* **WHAT THE TASK ASKS**
Set down each line of the data exactly, but not the pictures.

* **DATA PROVIDED**
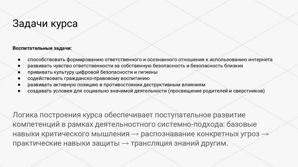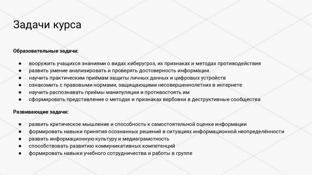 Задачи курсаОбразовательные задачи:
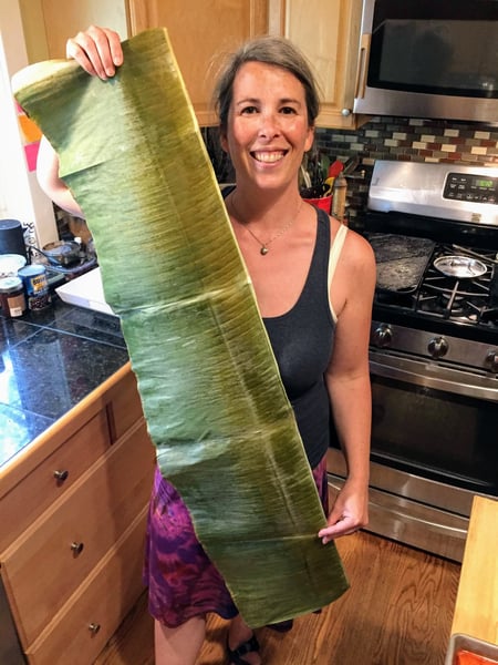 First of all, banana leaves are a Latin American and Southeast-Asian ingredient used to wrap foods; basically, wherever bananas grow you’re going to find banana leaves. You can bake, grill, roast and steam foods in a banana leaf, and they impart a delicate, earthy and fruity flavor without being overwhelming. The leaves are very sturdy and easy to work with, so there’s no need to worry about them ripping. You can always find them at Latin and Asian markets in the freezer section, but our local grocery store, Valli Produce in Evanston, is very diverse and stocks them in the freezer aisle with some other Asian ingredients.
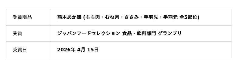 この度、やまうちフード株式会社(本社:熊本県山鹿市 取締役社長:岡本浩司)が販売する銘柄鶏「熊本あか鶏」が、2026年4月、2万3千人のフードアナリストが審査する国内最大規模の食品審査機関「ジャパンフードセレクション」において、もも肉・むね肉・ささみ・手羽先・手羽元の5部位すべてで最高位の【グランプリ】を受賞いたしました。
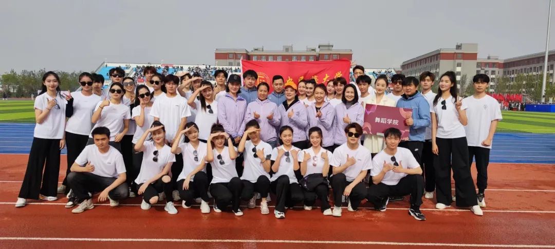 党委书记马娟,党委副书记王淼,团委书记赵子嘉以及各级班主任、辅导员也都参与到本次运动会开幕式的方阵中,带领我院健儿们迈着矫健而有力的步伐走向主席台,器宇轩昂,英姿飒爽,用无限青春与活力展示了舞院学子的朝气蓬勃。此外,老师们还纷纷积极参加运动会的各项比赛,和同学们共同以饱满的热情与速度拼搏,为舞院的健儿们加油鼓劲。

* **SOLUTION**
 Задачи курсаОбразовательные задачи:
 First of all, banana leaves are a Latin American and Southeast-Asian ingredient used to wrap foods; basically, wherever bananas grow you’re going to find banana leaves. You can bake, grill, roast and steam foods in a banana leaf, and they impart a delicate, earthy and fruity flavor without being overwhelming. The leaves are very sturdy and easy to work with, so there’s no need to worry about them ripping. You can always find them at Latin and Asian markets in the freezer section, but our local grocery store, Valli Produce in Evanston, is very diverse and stocks them in the freezer aisle with some other Asian ingredients.
 この度、やまうちフード株式会社(本社:熊本県山鹿市 取締役社長:岡本浩司)が販売する銘柄鶏「熊本あか鶏」が、2026年4月、2万3千人のフードアナリストが審査する国内最大規模の食品審査機関「ジャパンフードセレクション」において、もも肉・むね肉・ささみ・手羽先・手羽元の5部位すべてで最高位の【グランプリ】を受賞いたしました。
 党委书记马娟,党委副书记王淼,团委书记赵子嘉以及各级班主任、辅导员也都参与到本次运动会开幕式的方阵中,带领我院健儿们迈着矫健而有力的步伐走向主席台,器宇轩昂,英姿飒爽,用无限青春与活力展示了舞院学子的朝气蓬勃。此外,老师们还纷纷积极参加运动会的各项比赛,和同学们共同以饱满的热情与速度拼搏,为舞院的健儿们加油鼓劲。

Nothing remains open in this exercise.